Australians have been consuming progressively less alcohol per capita for the past six years, as the population ages and people become more fussy with their drinks.
Market research from IBIS World forecasts that Australian per capital alcohol consumption will fall 7.7% from the 2007-08 peak of 10.4 litres to 9.6 litres this year.
Liqour retailer revenues will grow 15.6% to $17.7 billion during that time.
According to NAB’s agribusiness economist Vyanne Lai and one liqour industry insider, here’s why:
1. The rise of mid-strength drinks
Mid-strength beers like VB Gold, XXXX Gold and Coopers Mild Ale have won a growing share of the liquor retailing market, so the amount of alcohol that Australians consume per beer has fallen.
About 1 in 4 beers consumed are now lower than full-strength. Mid-strength beers are generally 3.5% alcohol, compared to the 4.8% of full-strength beers.
2. People prefer premium drinks
Australian beer drinkers tended to choose from 2-3 favourite brands about 15 years ago.
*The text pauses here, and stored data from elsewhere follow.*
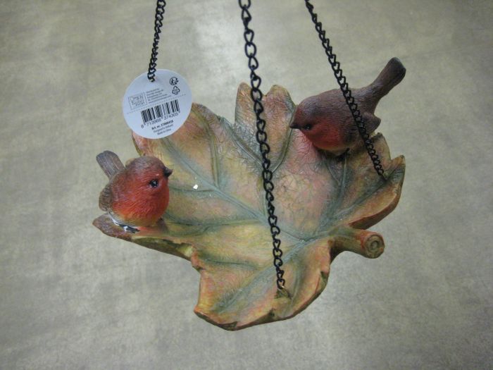 Kaunis lintukylpy, lehdellä kaksi lintua. Voi ripustaa riippumaan.
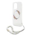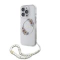 Guess Magsafe IML Hard Case for iPhone 16 Pro with Flower Wreath Design & Pearl Strap, Lightweight, Comfortable Grip, Drop Protection -Clear
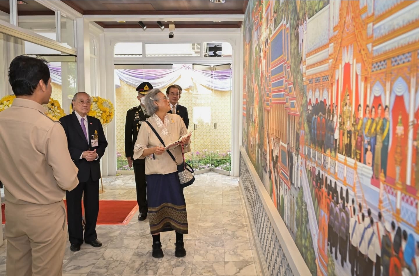 (3 มี.ค. 68) สมเด็จพระกนิษฐาธิราชเจ้า กรมสมเด็จพระเทพรัตนราชสุดา ฯ สยามบรมราชกุมารี เสด็จพระราชดำเนินไปทรงเปิดและทอดพระเนตรโครงการภาพจิตรกรรมฝาผนัง พระระเบียง ณ วัดพระราม ๙ กาญจนาภิเษก เขตห้วยขวาง กรุงเทพมหานคร ในการนี้ นายชัชชาติ สิทธิพันธุ์ ผู้ว่าราชการกรุงเทพมหานคร พญ.วันทนีย์ วัฒนะ ปลัดกรุงเทพมหานคร ผู้อำนวยการสำนักการศึกษา ผู้บริหารสำนักพัฒนาสังคม ผู้อำนวยการเขตห้วยขวาง เฝ้าฯ รับเสด็จฯ
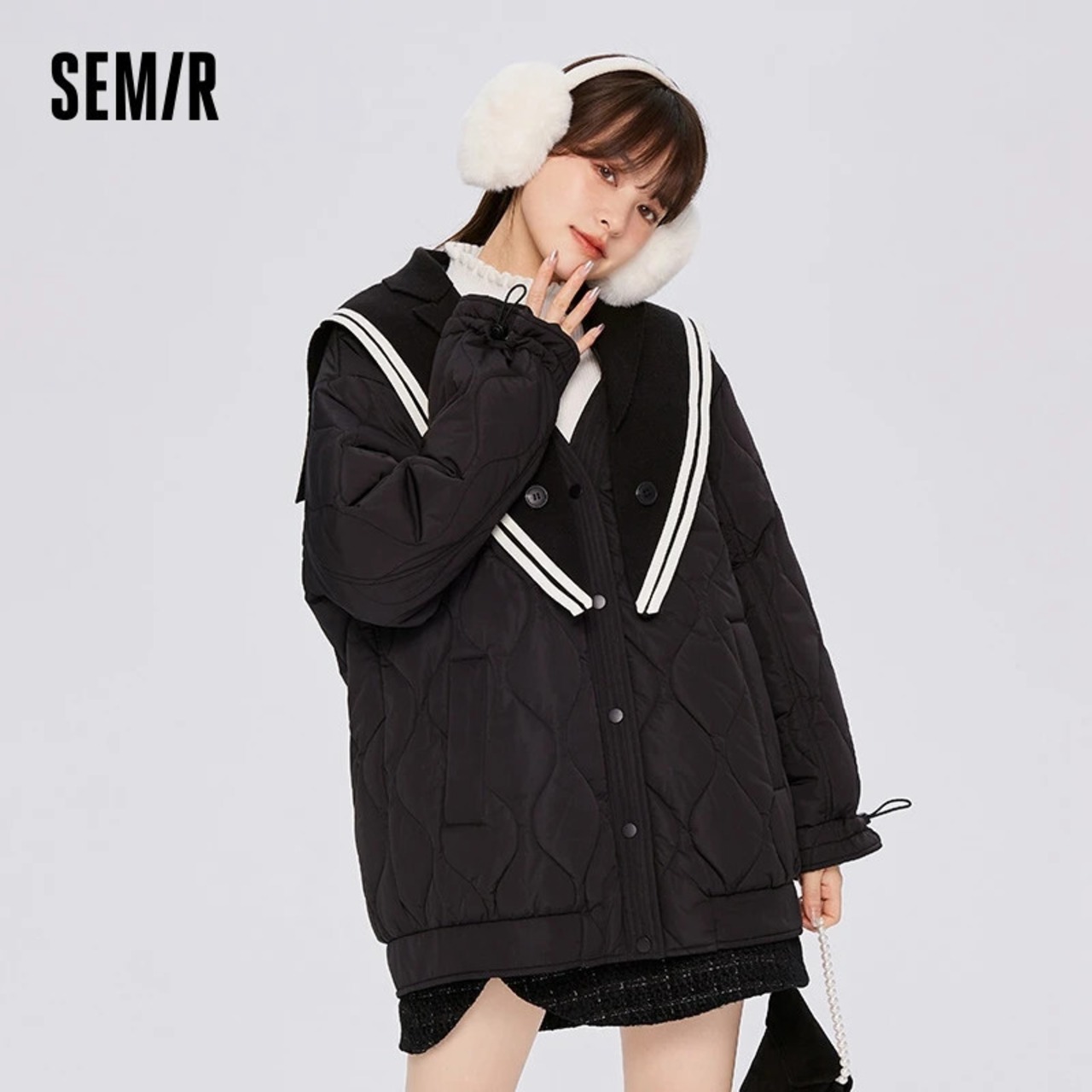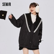 送料無料 Semir コットンコート女性ミッドレングスネイビーカラートレンディ 2023 冬黒ルーズ厚手コットンジャケット ブラック ウィンター 冬物 AE1212777757481651280
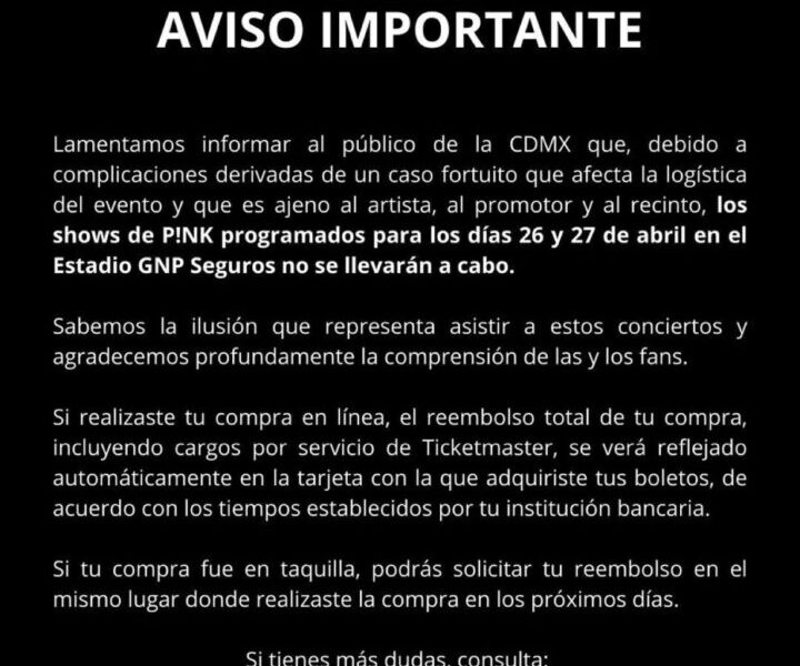 - Por inseguridad y bajas ventas, cancelan conciertos de P!nk, Carolina Ross y Lucho SSJ en la CDMX.

One industry expert says they now choose from about 7-10 different brands.
NAB’s Lai says Australians are buying more expensive alcoholic drinks like cider and boutique beers: products that often come in packs of 4, not 6, and tend to be associated with a quality-over-quantity mentality.
3. Demographic changes and an ageing population
Earlier this year, the ABS reported that the average Australian was a 37-year-old female sales assistant in 2011, compared to a 29-year-old male clerk in 1961.
People tend to drink in mixed groups, in more family-friendly, food-driven venues where they’re less likely to be drinking heavily.
Also, Lai notes that Australia has welcomed increasing numbers of migrants from China and India, where heavy drinking is less common.
“Anecdotally, the new additions to the population pool may be less inclined to consume large volumes of alcohol,” she said.
“If their alcohol consumption is less than the average population, then they will tend to bring the average down.”
4. Fewer tradies, more professionals
One industry expert points towards a shift from manual to professional labour as one factor that’s driving down overall alcohol consumption per capita in Australia.
Professionals spend more time socialise for work than with mates, and drink less as a result because getting drunk in front of colleagues may be frowned upon.
5. Tougher drink driving laws and advertising
IBIS World notes that drink driving laws and advertisements have made Australians more wary of driving while inebriated.
Drink driving has become less culturally acceptable, which has the effect of bringing per capita alcohol consumption down.